Introduction

Tuberculosis (TB) is the world’s leading infectious disease killer. Early and accurate detection of TB is essential to achieve global control of the disease. However, many high-burden countries continue to have large gaps in TB diagnosis. India has the world’s largest TB burden and accounts for over one quarter of the 3.8 million ‘missing cases’ which go undiagnosed each year1. This gap is largely due to the lack of accurate, rapid and cost-effective tools for TB screening and diagnosis2.

The use of chest radiography (CXR) for the diagnosis of pulmonary TB (PTB) dates back over a century3. However, the utility of CXR is limited by modest specificity, high hardware costs, and poor inter-rater reliability4,5,6. In addition, many high burden countries, including India, suffer from a lack of qualified radiologists to interpret CXR7. Now with the advent of digital CXR, there is renewed interest in using CXR interpreted by computer-aided detection (CAD) software programs for PTB detection3. These programs have the potential to overcome many of the barriers to CXR-based screening and triage by standardizing and automating CXR interpretation. However, due to the limited and heterogeneous data available, the World Health Organization (WHO) has yet to initiate the guideline development process for the use of CAD for PTB detection8.

In 2018, a new commercial CAD software with the capacity for PTB detection, qXR (Qure.ai, Mumbai, India), received CE-certification9. According to the company, the software is compatible with all radiology information technology (IT) system, integrates easily with radiology workflow and can processes one CXR in 10 milliseconds. However, details on the cost of the software are not publicly available.

The objective of this study was to assess the diagnostic accuracy of qXR Version 2 for triage of presumptive PTB patients in tertiary hospital in India. We assessed the software’s performance for detection of PTB using microbiological confirmation as a reference standard and the software’s performance for detection of specific chest abnormalities (e.g., cavities) using radiologist’s readings as a reference standard.

Methods

Study setting

This study was conducted at Kasturba Hospital, Manipal, a large private tertiary health care facility. The study base was individuals who presented to Kasturba Hospital with respiratory symptoms for which they received a CXR and underwent confirmatory microbiological testing for PTB during January 1st, 2017 – December 31st, 2017. Both the cases and controls were selected from this study base.

Sample size

Based on prior knowledge of the approximate annual number of PTB cases at Kasturba Hospital, we estimated between 300–400 cases and 600–800 controls would present over the year. Assuming the area under the curve (AUC) of qXR for detection of microbiologically-confirmed PTB to be non-inferior to that of CAD4TB Version 6 (the other commercially available CAD software for PTB), we needed 323 cases and 646 controls to estimate the AUC of qXR with 80% power, an alpha of 0.05 and a 5% margin of error10,11,12.

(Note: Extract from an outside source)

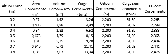Na tabela abaixo calculamos a mudança do centro de gravidade para as diversas alturas de carregamento.

Identification of cases and controls

Paper laboratory records were used to identify patients that had received a microbiological test for PTB (acid fact bacilli (AFB) smear, Xpert MTB/RIF or Mycobacterium tuberculosis (MTB) culture) at Kasturba Hospital from January 1st, 2017 – December 31st, 2017. Patients were eligible for inclusion if the specimen type tested was sputum, bronchoalveolar lavage, endotracheal aspirate or lung biopsy. Cases were defined as adults (≥18) diagnosed with PTB microbiologically confirmed by smear, Xpert MTB/RIF or culture (Mycobacteria Growth Indicator Tube, MGIT). Controls were defined as adults (≥18) who tested negative for PTB by smear and culture and who did not receive empiric treatment for PTB. All information was collected anonymously and patients were identified through a study identification number.

Additional data sources

Electronic laboratory records were used to double check the microbiological status of the cases and controls and obtain the date of the specimen collection for the microbiological test. Radiological records were reviewed and Digital Imaging and Communications in Medicine (DICOM) files of posterior anterior (PA) CXR were extracted for cases and controls. In the case where multiple CXR were available for a single patient, the CXR taken on the date closest to microbiological test was selected. If a PA CXR was not available, a portable CXR was selected. Anterior posterior (AP) CXR were not otherwise selected. Patients without a CXR on file or whose CXR was completely unreadable (e.g., extremely blurry) were excluded. The date of the CXR was recorded for cases and controls. Electronic discharge summaries were reviewed to extract the following patient information: age, sex, HIV status, diabetes status, history of past TB, primary pulmonary diagnosis (e.g. lung-related or respiratory diagnosis) and empiric treatment initiation status. If no pulmonary diagnosis was indicated in the discharge summary, the primary non-pulmonary diagnosis was recorded.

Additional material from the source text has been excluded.